Mengenal Up Selling, Metode Dikeluhkan Konsumen saat Membeli Satu Lusin Donut

Sebagai contoh, konsumen akan melakukan transaksi ponsel pintar, kemudian kasir menawarkan peningkatan ke model dengan lebih banyak memori, layar lebih besar, prosesor lebih cepat, dan seterusnya.

Yunita Amalia
Oleh Yunita Amalia - Reporter
Mengenal Up Selling, Metode Dikeluhkan Konsumen saat Membeli Satu Lusin Donut
Ilustrasi belanja. ©2023 Shutterstock-Odua Images

Seseorang pengguna TikTok menyampaikan keluhannya karena merasa menjadi korban strategi pemasaran dari sebuah outlet donut. Dalam hal ini, pengguna TikTok dengan akun @.syanaka terpaksa membayar lebih atas pembelian satu lusin donut.

Akun tersebut menjelaskan bahwa dia hanya akan membeli satu lusin donut berukuran besar. Harga yang disampaikan oleh kasir untuk satu lusin donat sebesar Rp124.000. Kemudian, kasir menanyakan pastry apa yang akan dipilih.

Merasa tawaran itu adalah bonus, si pemilik akun TikTok memilih red velvet. Setibanya di rumah, dia menyadari bahwa dalam struk pembelian, paket donut yang dibeli adalah 1 lusin donut dan red velvet.

Keluhan ini kemudian memantik respons pengguna media sosial. Kebanyakan, mereka sepakat bahwa trik penjualan seperti itu kerap digunakan seiring ketidaktahuan pelanggan. Menurut analytic steps, apa yang dialami pengguna akun TikTok tersebut adalah bagian dari up selling.

Metode up selling umumnya terjadi saat pembeli telah menambahkan sesuatu ke keranjang mereka atau memulai proses pembayaran, dan lebih mudah menerima upaya penjualan akhir.
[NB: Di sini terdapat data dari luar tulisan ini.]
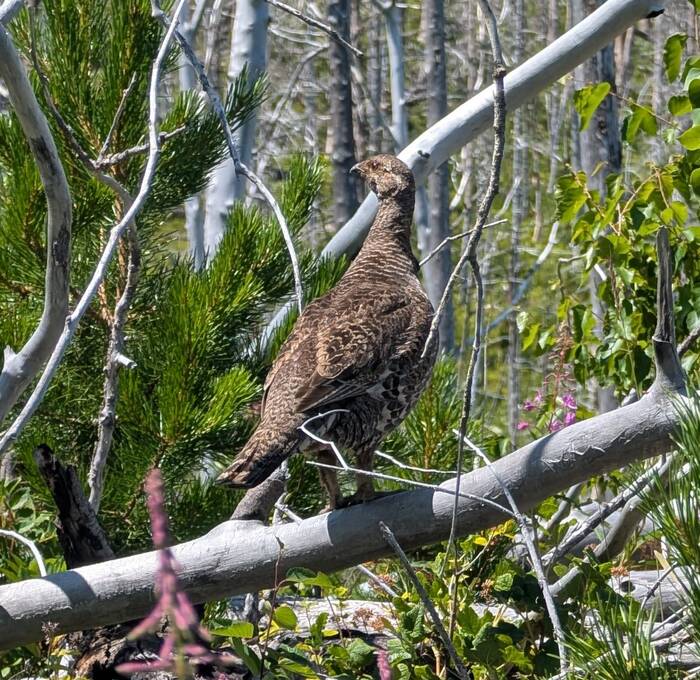 This mamma grouse had a bunch of babies following her in the brush. They were too camouflaged to photograph well, unfortunately.

Karena konsumen kemungkinan besar telah meneliti produk tersebut, mereka mungkin telah mempertimbangkan peningkatan atau penambahan, meningkatkan kemungkinan bahwa mereka akan beralih pada menit terakhir.

Sebagai contoh, konsumen akan melakukan transaksi ponsel pintar, kemudian kasir menawarkan peningkatan ke model dengan lebih banyak memori, layar lebih besar, prosesor lebih cepat, dan seterusnya.

"Mereka juga dapat memberikan jaminan atau perlindungan pembelian, yang merupakan perlindungan berbiaya rendah bagi konsumen tetapi sangat menguntungkan bagi perusahaan," demikian ulasan dari Analytics Steps, yang dikutip Selasa (23/5).

Selain up selling ada pula metode penjualan yang kerap digunakan, yaitu cross selling. Metode ini merupakan sebuah teknik penjualan yang mana pelanggan atau konsumen didorong untuk membeli barang terkait atau pelengkap melalui penjualan silang. Metodenya cross selling cukup bervariasi, tergantung pada pengalaman berbelanja.

Metode cross selling sering terjadi di toko makanan cepat saji. Kepada konsumen, pihak toko akan menawarkan sebuah produk atau layanan tambahan.

"Penjual makanan cepat saji mungkin menawarkan pelanggan kentang goreng atau sisi lain untuk dimakan bersama sandwich mereka.”

Keuntungan dari cross selling di antaranya meningkatkan penghasilan, membantu konsumen lebih mengetahui tentang produk, meningkatkan loyalitas konsumen.

Di satu sisi, metode cross selling juga memiliki kerugian karena menimbulkan rasa tidak nyaman dari konsumen. Berdasarkan hasil kajian Harvard Business tahun 2012, sejumlah outlet mengalami penurunan profit selama memakain metode cross selling.